Stored data entries »
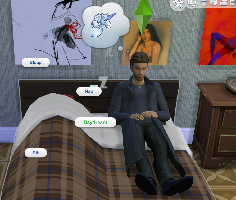 Also the "Daydream" interaction is enabled on beds, so the sim can daydream/relax on beds for 60-90 minutes and will get some comfort back from the bed (not that I actually know how to watch this Comfort level, I don't see it on the UI anywhere). This daydreaming isn't useful for anything, I simply enabled it here because it exists but is apparently disabled for some reason.
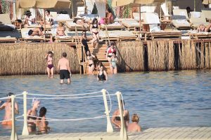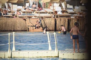 Yüzmeyi tercih etmeyen Akil, denizin içinde oturup zaman geçirdi.
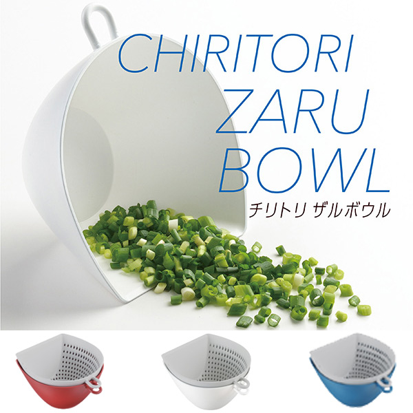 ●まな板の上で切った食材をサッとすくい取る、チリトリボウル・ザル各1個の便利なセットです。
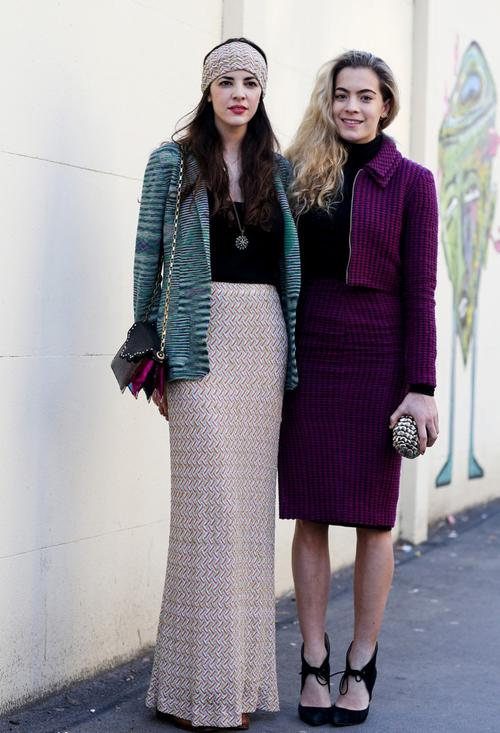 意大利版《Vogue》时装编辑 Giovanna Battaglia与日本版《Vogue》创意总监 Anna Dello Russo,长裙的优雅碰撞斗篷的霸气。
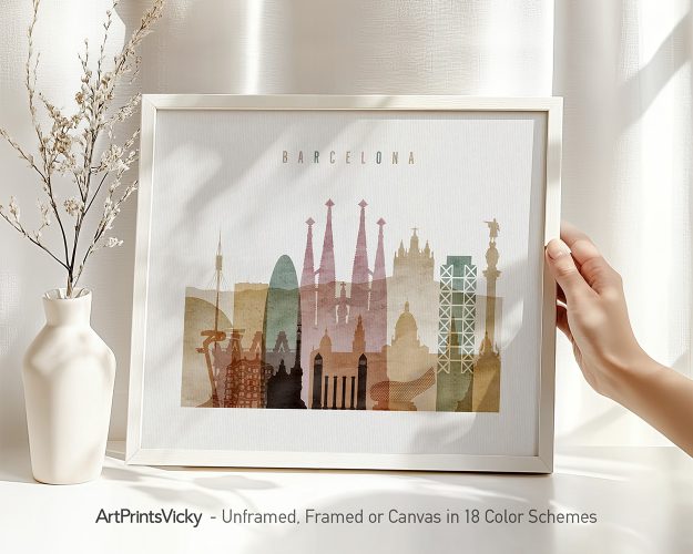 This unique Barcelona poster exudes coziness and warmth. This Barcelona art print, presented in watercolor 1 warm palette, offers a minimalist look that’s both distinctive and elegant. It’s a perfect choice for a home library or office, and makes a memorable birthday gift!
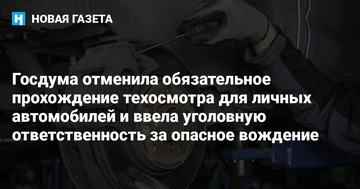 Депутаты Госдумы, которые сегодня уходят на каникулы, приняли закон об отмене обязательного прохождения техосмотра для личных легковых автомобилей. Об этом сообщает ТАСС.
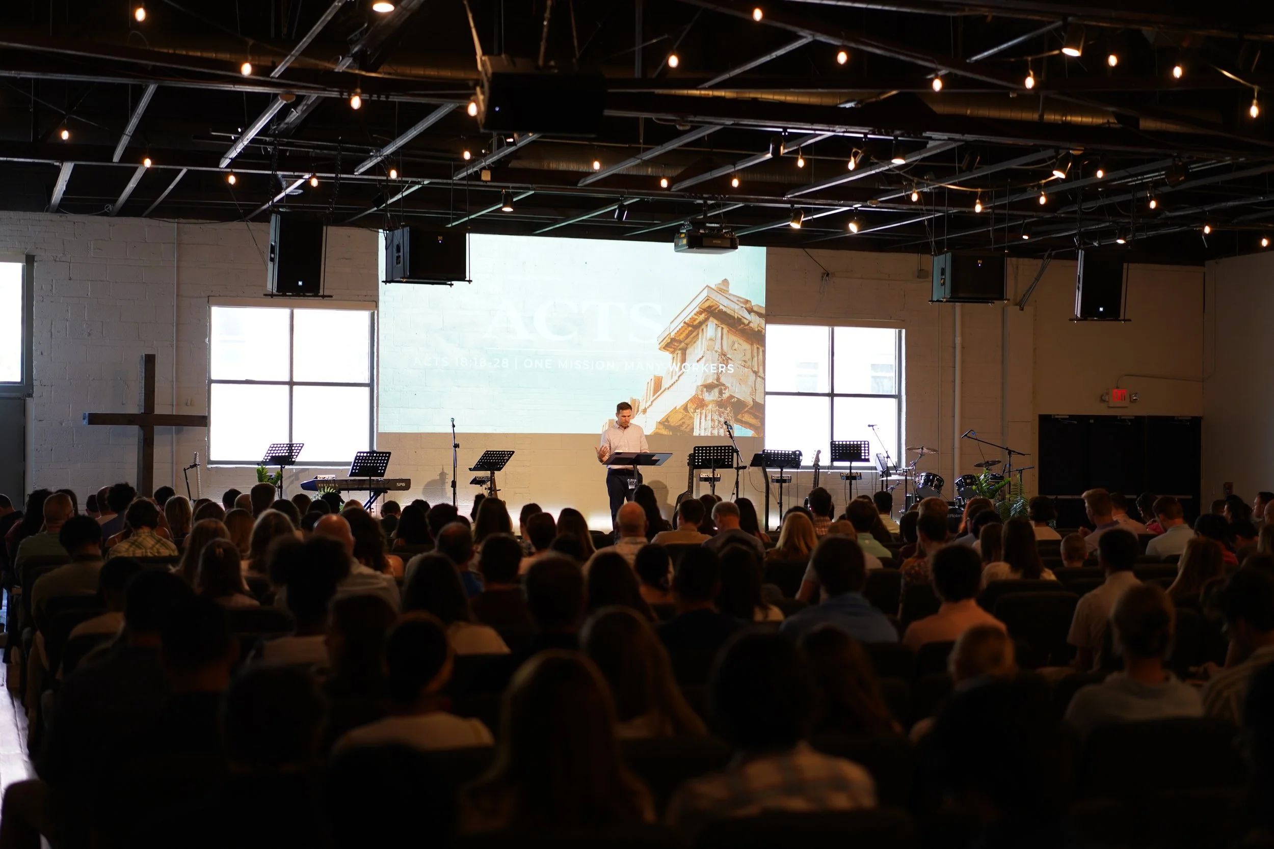 To begin the service, our worship team will play a Call to Worship song, inviting everyone to come in, find their seat, and prepare their hearts to worship. One of the pastors will then read a passage of scripture. This helps us reorient ourselves to the purpose of which we’ve gathered together on Sunday.
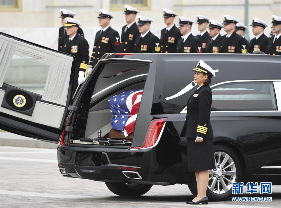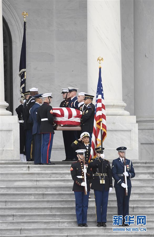 美國(guó)前總統(tǒng)老布什的遺體3日下午運(yùn)抵首都華盛頓,安放在國(guó)會(huì)大廈圓頂大廳,接受吊唁。
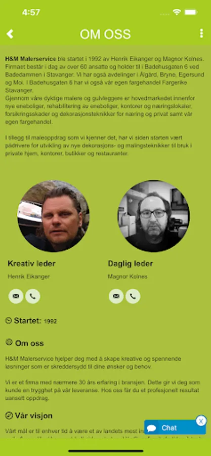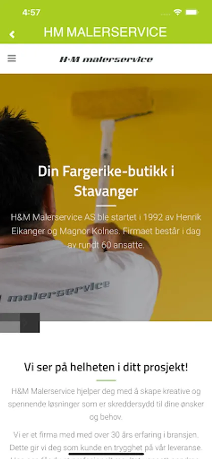 H&M Malerservice AS app for ansatte. Vårt mål er til enhver tid å være et av landets mest innovative og kreative malerfirma slik vi har vært helt siden starten. Vår filosofi er hele tiden å tenke nytt ved å se oppdraget i helhet med farge, lys og form.
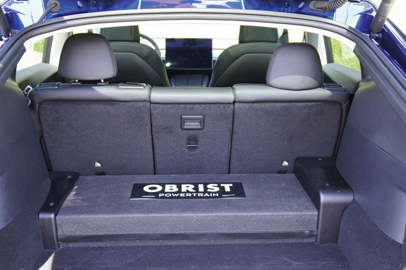 Auf den ersten Blick gleicht der Obrist-Tesla einem Model Y, bei genauerer Betrachtung fällt jedoch die veränderte Frontschürze auf. Wo Elon Musks Designer möglichst glatte Flächen und geschlossene Formen realisiert haben, gähnen beim Obrist-Umbau mehrere Kühlluftöffnungen um die Wette. Sogar in die Haube wurden zwei Öffnungen für eine bessere Ventilation gestanzt. Wo bei heckgetriebenen Tesla-Modellen der zusätzliche Stauraum vorne namens Frunk seinen Platz hat, sitzt im Obrist-Prototyp der kompakte, nur rund 110 Kilogramm schwere Verbrennungsmotor.
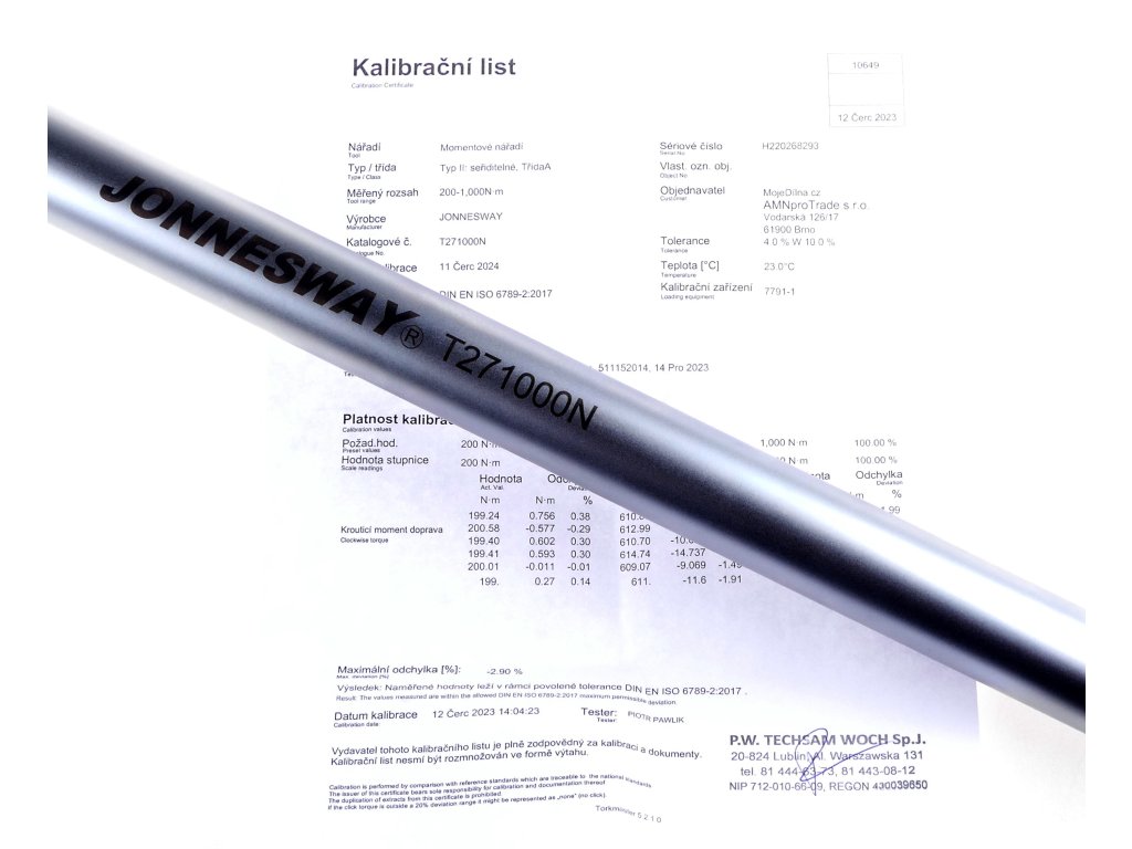 Každý kľúč je vyskúšaný a certifikovaný podľa DIN-ISO 6789. Kalibračný certifikát je dodávaný v češtine.
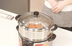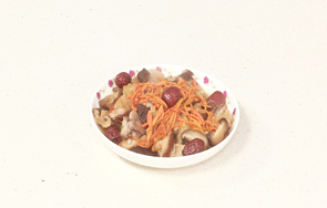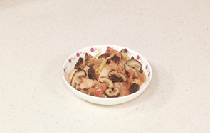 取一蒸盘,倒入腌渍好的食材,放入香菇片。
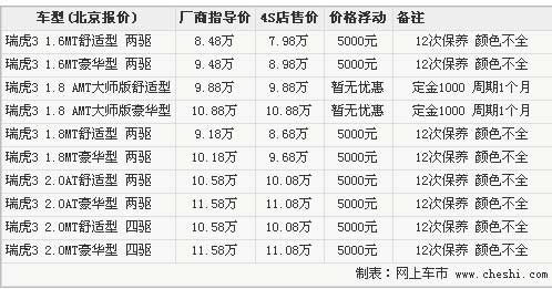由于瑞虎大師版車型剛剛上市,4S店還沒有現(xiàn)車銷售,消費(fèi)者如果想預(yù)訂此車型需要交納1000元定金,預(yù)計(jì)提車周期在1個(gè)月左右。雖然大師版沒有現(xiàn)車也暫無優(yōu)惠,但是4S店表示現(xiàn)在購買瑞虎3的其他車型,可享受4000元現(xiàn)金優(yōu)惠,還可以贈(zèng)送一些裝飾,目前車型顏色并不齊全,白色均無現(xiàn)車需要預(yù)定。
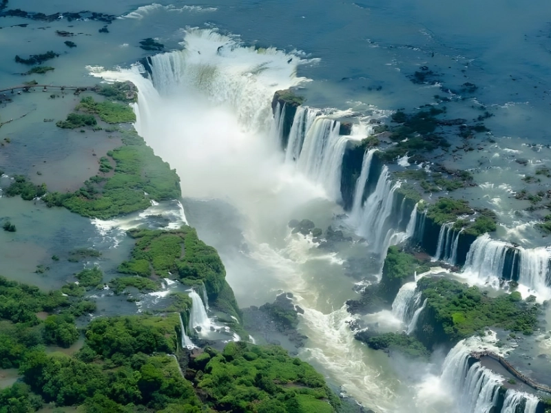 Argentina and Brazil are separated by the magnificent Iguazu Falls, a magnificent natural wonder. The Iguazu Falls, which are made up of more than 270 cascades spanning the river, produce a breathtaking exhibition of the strength and beauty of nature. This UNESCO World Heritage site provides a singular experience from both countries; Brazil offers panoramic views of the enormous expanse of cascading water, while Argentina hosts most of the falls, including the well-known Devil’s Throat.
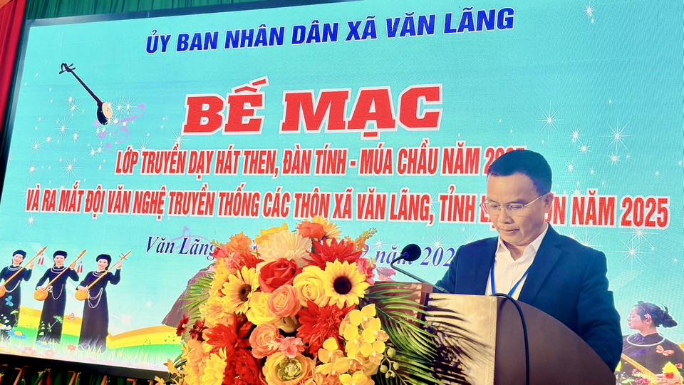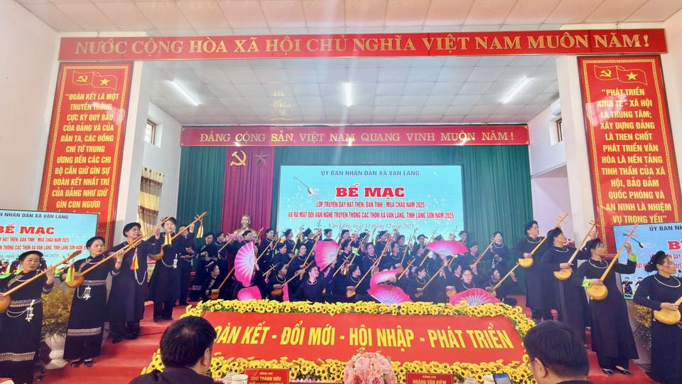 Chiều ngày 31/122025, Ủy ban nhân dân xã Văn Lãng tổ chức Bế giảng lớp truyền dạy hát then, đàn tính, múa chầu năm 2025 và ra mắt Đội văn nghệ truyền thống các thôn Bản Gioòng, Khun Roọc, Kéo Van xã Văn Lãng năm 2025.

Work order »
Your output should consist solely of the lines from the line containing "取一蒸盘,倒入腌渍好的食材,放入香菇片。" through the end of the data above, copied exactly, with images removed.

Written answer »
 取一蒸盘,倒入腌渍好的食材,放入香菇片。
由于瑞虎大師版車型剛剛上市,4S店還沒有現(xiàn)車銷售,消費(fèi)者如果想預(yù)訂此車型需要交納1000元定金,預(yù)計(jì)提車周期在1個(gè)月左右。雖然大師版沒有現(xiàn)車也暫無優(yōu)惠,但是4S店表示現(xiàn)在購買瑞虎3的其他車型,可享受4000元現(xiàn)金優(yōu)惠,還可以贈(zèng)送一些裝飾,目前車型顏色并不齊全,白色均無現(xiàn)車需要預(yù)定。
 Argentina and Brazil are separated by the magnificent Iguazu Falls, a magnificent natural wonder. The Iguazu Falls, which are made up of more than 270 cascades spanning the river, produce a breathtaking exhibition of the strength and beauty of nature. This UNESCO World Heritage site provides a singular experience from both countries; Brazil offers panoramic views of the enormous expanse of cascading water, while Argentina hosts most of the falls, including the well-known Devil’s Throat.
 Chiều ngày 31/122025, Ủy ban nhân dân xã Văn Lãng tổ chức Bế giảng lớp truyền dạy hát then, đàn tính, múa chầu năm 2025 và ra mắt Đội văn nghệ truyền thống các thôn Bản Gioòng, Khun Roọc, Kéo Van xã Văn Lãng năm 2025.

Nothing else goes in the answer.